• Entries shown:
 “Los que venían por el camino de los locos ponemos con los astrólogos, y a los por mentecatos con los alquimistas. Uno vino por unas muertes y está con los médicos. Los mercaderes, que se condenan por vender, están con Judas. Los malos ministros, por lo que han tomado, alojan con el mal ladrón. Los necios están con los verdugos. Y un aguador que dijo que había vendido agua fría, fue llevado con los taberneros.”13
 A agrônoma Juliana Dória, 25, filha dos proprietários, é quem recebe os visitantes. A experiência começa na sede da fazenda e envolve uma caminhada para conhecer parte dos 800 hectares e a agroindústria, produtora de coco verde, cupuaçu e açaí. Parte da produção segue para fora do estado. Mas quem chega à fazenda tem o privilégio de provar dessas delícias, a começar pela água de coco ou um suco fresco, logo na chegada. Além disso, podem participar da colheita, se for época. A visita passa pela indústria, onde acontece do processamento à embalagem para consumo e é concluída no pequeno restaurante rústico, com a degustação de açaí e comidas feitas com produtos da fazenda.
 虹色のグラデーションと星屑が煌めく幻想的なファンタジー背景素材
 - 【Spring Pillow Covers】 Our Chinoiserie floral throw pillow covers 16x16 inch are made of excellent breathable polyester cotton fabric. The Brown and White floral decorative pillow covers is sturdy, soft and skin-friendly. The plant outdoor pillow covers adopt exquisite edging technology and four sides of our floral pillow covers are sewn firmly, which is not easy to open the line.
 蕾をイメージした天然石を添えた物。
* * *
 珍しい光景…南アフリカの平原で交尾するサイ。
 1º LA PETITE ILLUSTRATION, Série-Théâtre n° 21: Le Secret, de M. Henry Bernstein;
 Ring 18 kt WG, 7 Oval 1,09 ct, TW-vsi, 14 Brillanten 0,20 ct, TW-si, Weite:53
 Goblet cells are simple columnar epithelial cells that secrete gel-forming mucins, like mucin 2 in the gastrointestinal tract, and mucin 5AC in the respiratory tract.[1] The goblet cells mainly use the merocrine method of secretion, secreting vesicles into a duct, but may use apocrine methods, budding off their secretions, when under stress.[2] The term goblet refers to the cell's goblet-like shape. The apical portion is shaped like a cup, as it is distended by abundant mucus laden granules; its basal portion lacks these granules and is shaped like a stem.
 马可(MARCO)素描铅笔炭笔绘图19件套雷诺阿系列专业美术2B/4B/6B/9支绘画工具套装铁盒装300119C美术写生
* * *
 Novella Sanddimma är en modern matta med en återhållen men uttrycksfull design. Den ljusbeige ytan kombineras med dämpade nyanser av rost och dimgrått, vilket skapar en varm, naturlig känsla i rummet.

• Exercise directions:
Write out exactly the lines above between the line with "1º LA PETITE" and the line with "马可(MARCO)素描铅笔炭", inclusive, and nothing beyond them.

• Output of the exercise:
 1º LA PETITE ILLUSTRATION, Série-Théâtre n° 21: Le Secret, de M. Henry Bernstein;
 Ring 18 kt WG, 7 Oval 1,09 ct, TW-vsi, 14 Brillanten 0,20 ct, TW-si, Weite:53
 Goblet cells are simple columnar epithelial cells that secrete gel-forming mucins, like mucin 2 in the gastrointestinal tract, and mucin 5AC in the respiratory tract.[1] The goblet cells mainly use the merocrine method of secretion, secreting vesicles into a duct, but may use apocrine methods, budding off their secretions, when under stress.[2] The term goblet refers to the cell's goblet-like shape. The apical portion is shaped like a cup, as it is distended by abundant mucus laden granules; its basal portion lacks these granules and is shaped like a stem.
 马可(MARCO)素描铅笔炭笔绘图19件套雷诺阿系列专业美术2B/4B/6B/9支绘画工具套装铁盒装300119C美术写生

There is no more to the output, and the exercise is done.